Piece-wise Code explanation

Consider the above example only
Step 1: Calculate the middle element (50) and compare it with the element we need to search i.e. 12. Since they are not equal and 12 < 50, consider the left sub-array only.

int middle = (left + right) / 2; 
if (sorted_array[middle] == element) 
    return middle; 

Step 2: Since 12<50 we will again make a call to the function. Now our left index remains the same i.e. 0 but our we'll change our right index to middle-1 i.e. 3.
So we will now consider our array from 0-3 only. And we'll search in that.

if (sorted_array[middle] > element) 
    return BinarySearch(sorted_array, left, middle - 1, element); 

Step3: Now since 12 matches with the middle element, it'll return its index to the last call which has been made to this function. And that function will return the index which is 1 to the main function.
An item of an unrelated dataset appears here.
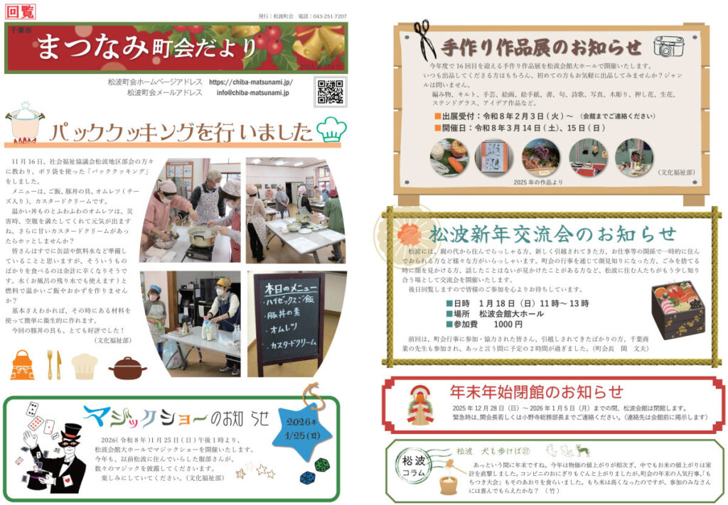 2025 年 12 月 28 日(日)~ 2026 年 1 月 5 日(月)までの間、松波会館は閉館します。緊急時は、関会長若しくは小野寺総務部長までご連絡ください。(連絡先は会館前に掲示します)

if(sorted_array[middle] == element) 
    return middle; 
Full Code
#include <bits/stdc++.h>
using namespace std;
int BinarySearch(int sorted_array[], int left, int right, int element) 
{ 
    if (right >= left) 
    { 
        int middle = (left + right) / 2; 
        // If the element is present at the middle itself 
        if (sorted_array[middle] == element) 
            return middle; 
        // If element < middle, then it can only be present in left subarray 
        if (sorted_array[middle] > element) 
            return BinarySearch(sorted_array, left, middle - 1, element); 
        // Else the element can only be present in right subarray 
        return BinarySearch(sorted_array, middle + 1, right, element); 
    } 
    // We reach here when element is not 
    // present in array 
    return -1;  
} 
int main()
{
    int a[] = { 1, 5, 7, 3, 4, 8, 2, 9, 6 };
    int element = 5;
    int size = sizeof(a) / sizeof(a[0]); 
    sort(a, a + size);
    int result = BinarySearch(a, 0, size - 1, element); 
    if(result == -1)
        cout<<"Element is not present in array";
    else
        cout<<"Element is present at index "<< result;
    return 0;
}

3) STL Function

binary_search(startaddress, endaddress, valuetofind)
The behavior of this function template is equivalent to:

template <class ForwardIterator, class T>
  bool binary_search (ForwardIterator first, ForwardIterator last, const T& val)
{
  first = std::lower_bound(first,last,val);
  return (first!=last && !(val<*first));
}

Returns true if any element in the range [startaddress,endaddress) is equivalent to valuetofind, and false otherwise.

#include <bits/stdc++.h>
using namespace std;
int main()
{
    int a[] = { 10, 12, 20, 32, 50, 55, 65, 80, 99 };
    int element = 12;
    int size = sizeof(a) / sizeof(a[0]); 
    sort(a, a + size);
    if (binary_search(a, a + size, element)) 
        cout << "\nElement found in the array"; 
    else
        cout << "\nElement not found in the array"; 
    return 0;
}

With this article at OpenGenus, you must have the complete idea of implementing Binary Search in C++. Enjoy.